An artist cannot live as long as Martin has without acquiring detractors, although many of her admirers profess astonishment about negative criticism in terms one usually finds in political or religious circles. Says Glimcher, ''I've only heard words of reverence about Martin. She's accepted like the Grand Canyon.'' Robert Ellis likens her to a saint.

But award-winning critic and painter Theodore Wolff says that although Martin's work has an obvious attractiveness about it, the painfully reductive nature of her work puts the burden on the viewer.

''She gives you very little to work with, in fact, she puts the entire creative act in your lap.''

Mr. Wolff says that Martin may be the darling of the critics, but many working painters do not feel the same way.
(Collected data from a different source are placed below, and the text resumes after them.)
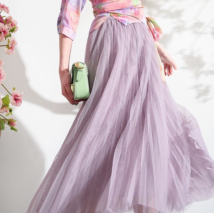 春カラーのチュールのプリーツロングスカート。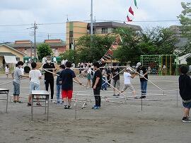 万国旗係は、万国旗の準備です。全部で3本張ります。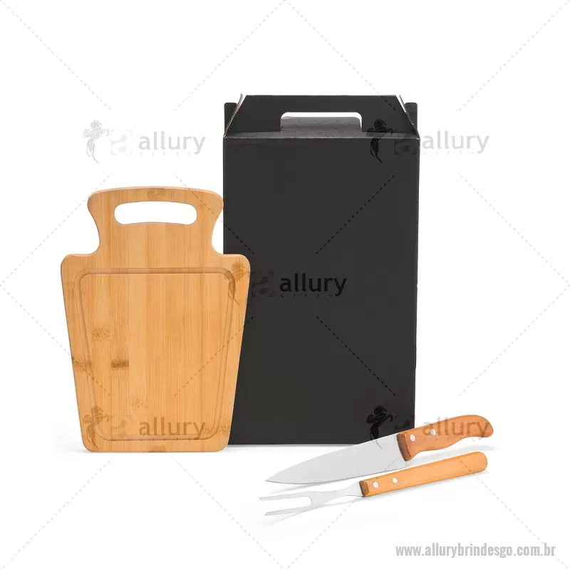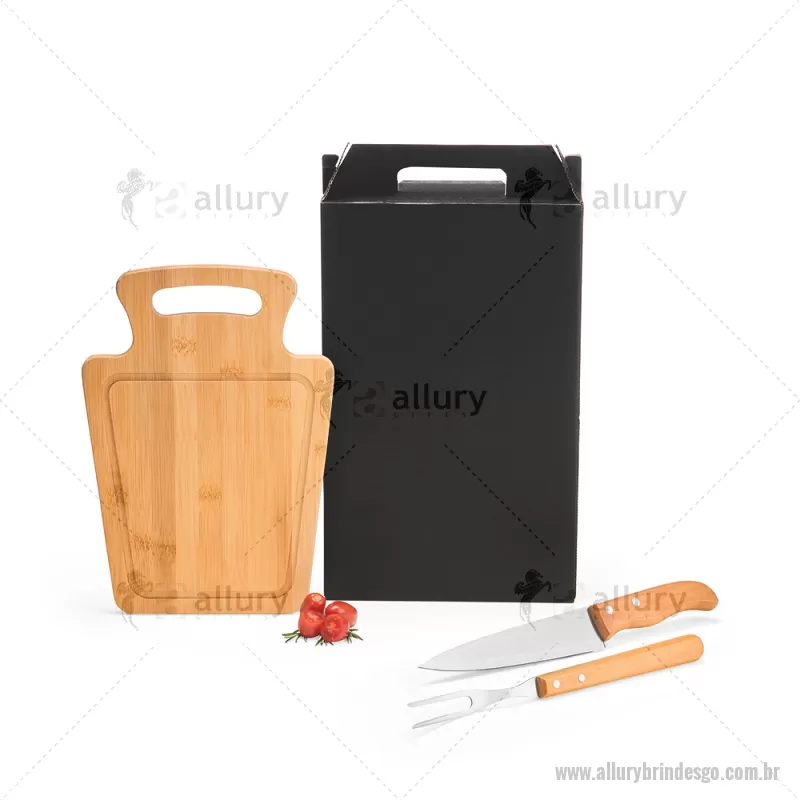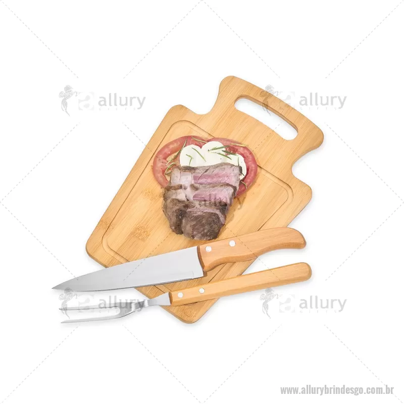 Conjunto Para Churrasco Em Bambu / Madeira / Inox - 3 Pçs Composto por tábua em Bambu com 30x21x1,2 cm; faca 7'' e garfo em Madeira/Inox. Dimensões do Produto Tábua: 30x21x1,3 cm Sugestão de Personalização Uma gravação a Laser na petisqueira e lâmina da faca; uma gravação em Silk/Digital na caixa. Embalagem : Caixa Preta 40x21,8x4,5 cm (AxLxP) Peso: 619 g (com embalagem) - - ALLGOKCH095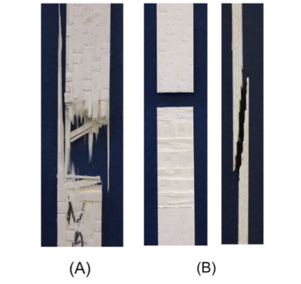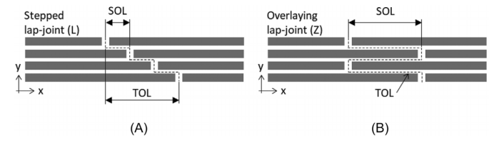 两种搭接方式的失效对比:(A)重叠式接头;(B)阶梯式接头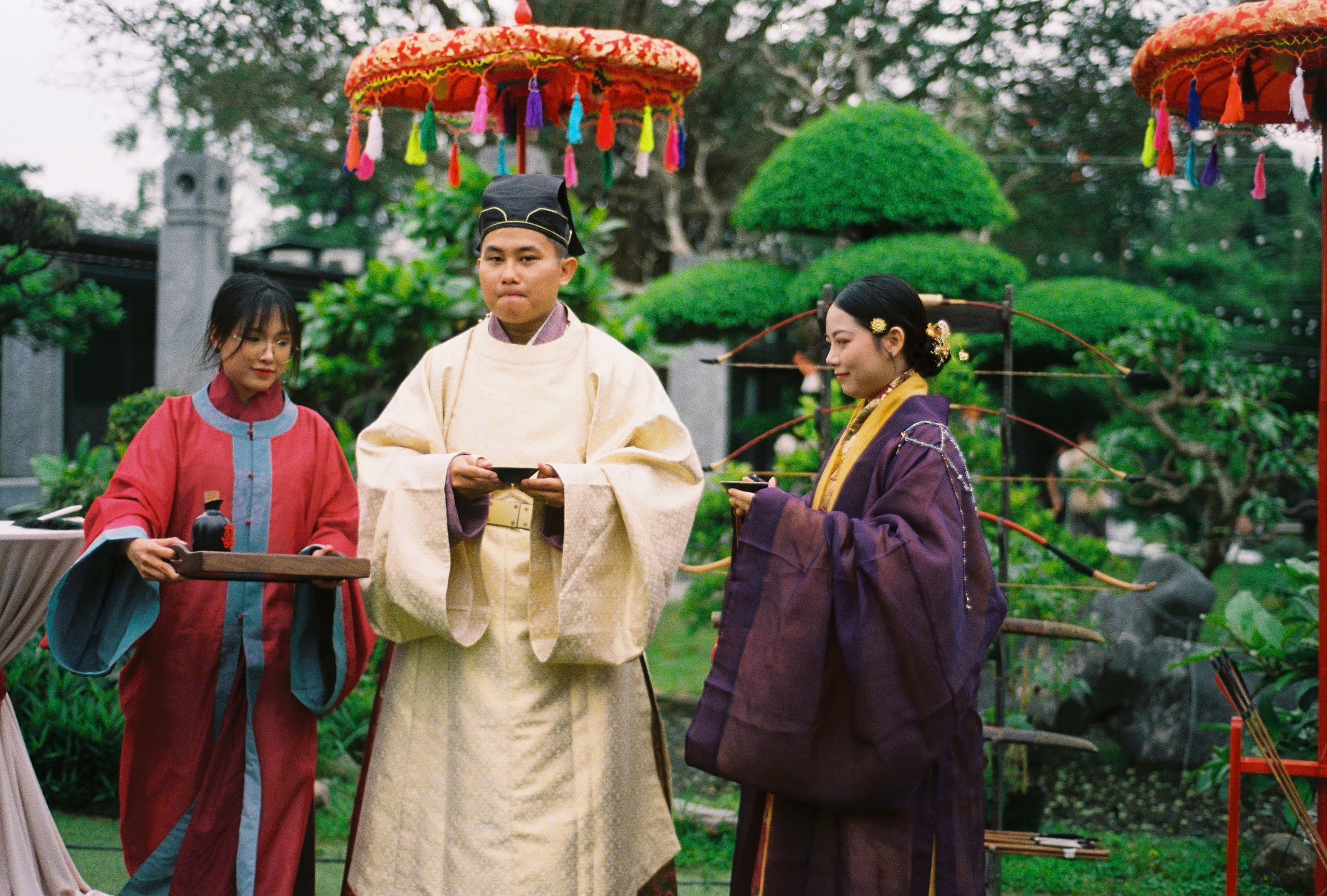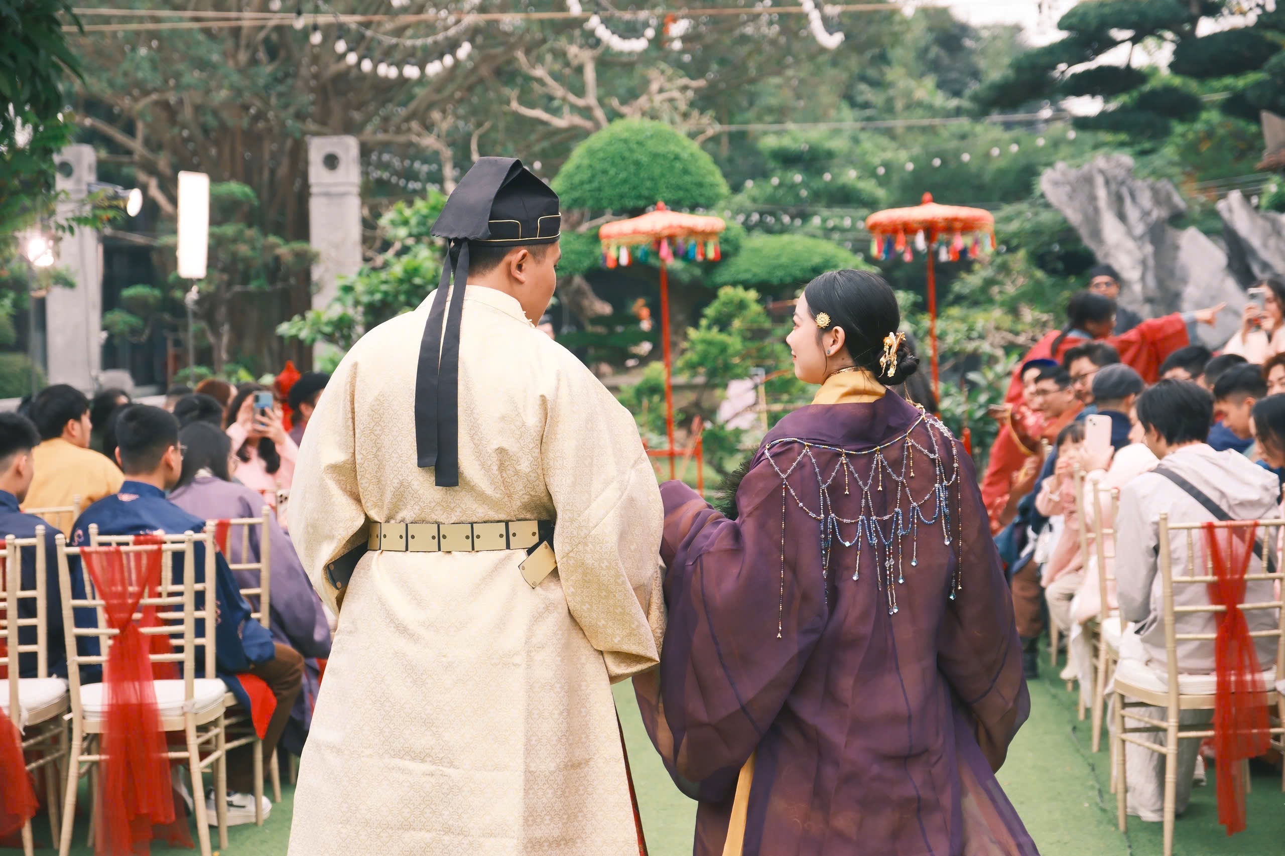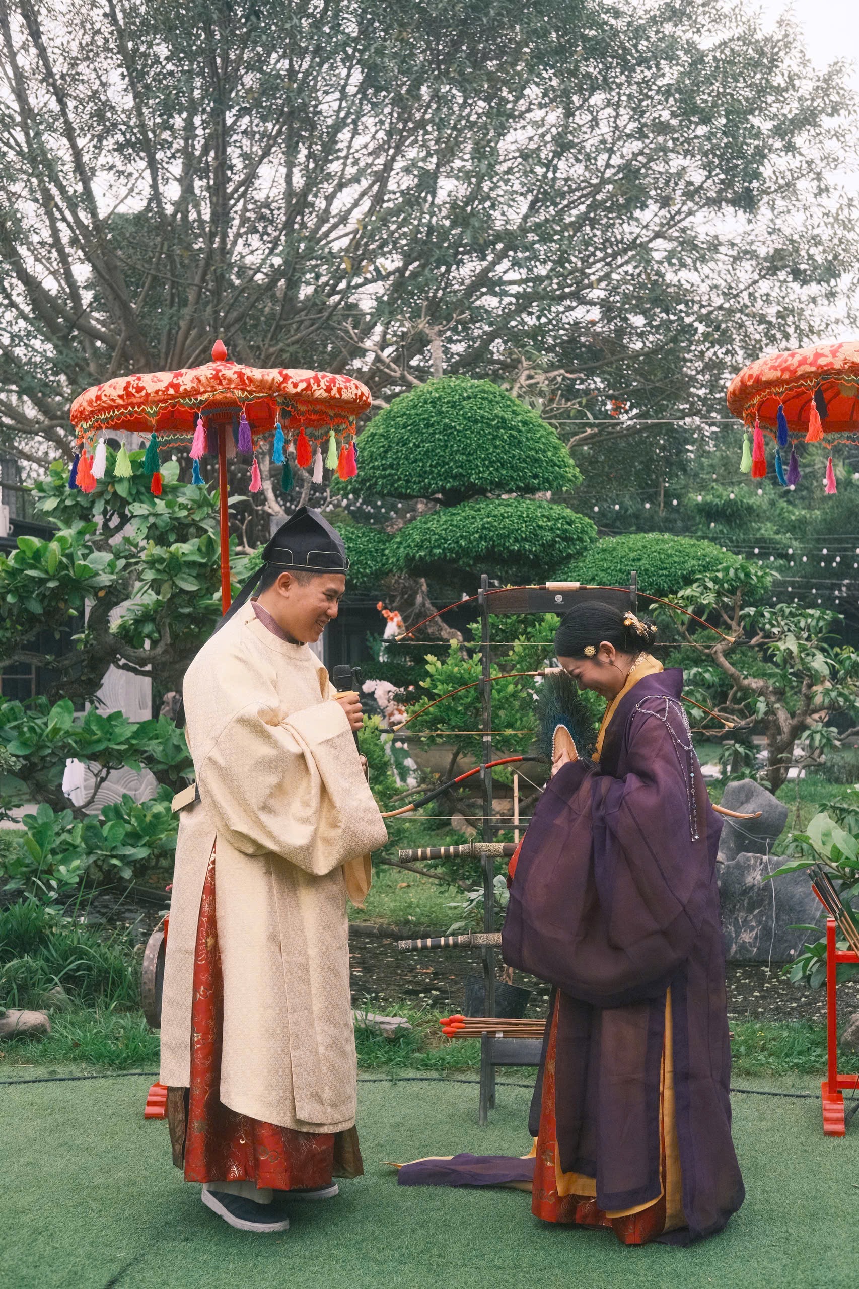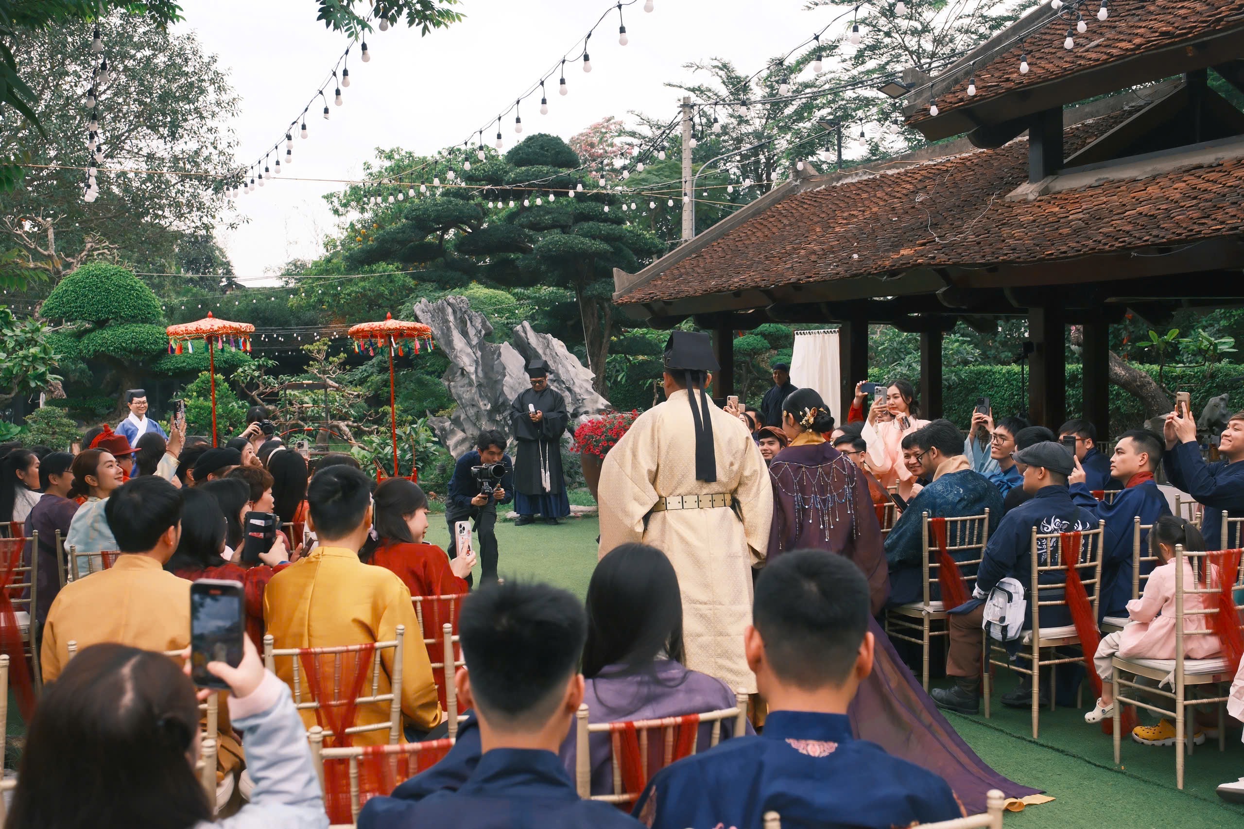 Buổi tiệc Báo Hỷ được diễn ra trong một ngày mùa xuân ấm áp, hoa thơm bướm lượn. Với nhiều cảm hứng từ văn hóa truyền thống, buổi tiệc này có các nghi thức như Lễ kết tóc – Lễ Hợp cẩn giao bôi – Trao lời nguyện ước và Xạ lễ. Cô dâu – chú rể cùng các quan khách xúng xính trong những bộ cổ phục Việt, rất thân thương và hạnh phúc.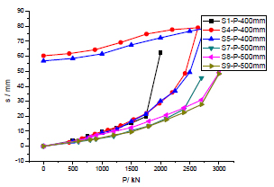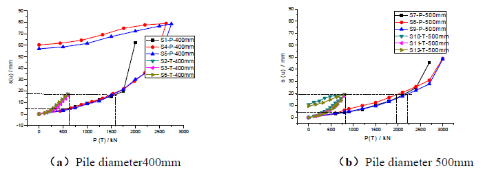 Fig. (12) is load (P) ~ displacement(s) curves of PHC compression piles with a pile diameter of 400mm and 500 mm, respectively. Fig. (13) is load (T) ~ uplift displacement (u) curves of PHC uplift piles with a pile diameter of 400 mm and 500 mm, respectively.

In fact, he says, the really hard-working painters in New York today think of Martin as a dilettante.

Whatever one thinks of Martin's work, however, she has unquestionably dedicated her life to it. Never married, she has no children.

''An artist shouldn't even take the vote,'' she has been quoted as saying, maintaining that in order to preserve the necessary purity to create, an artist should stay above the social and political currents of the day.

Although she stands out as a rare female artist in a period dominated by strong male artists, feminist issues don't concern her.

''I've never felt being a woman affected my career in any way,'' she says simply.

And although the art world reverberated with the significance of her long-awaited appearance on Jan. 11, it appears that Martin has, if anything, stayed true to form in her personal actions as well.

When asked why she ventured out to the opening, she said simply, ''Arne asked me to.'' Some things really are simple. So says painter Agnes Martin.

* Agnes Martin's new works will be displayed at the PaceWildenstein gallery , L.A., through Feb. 3.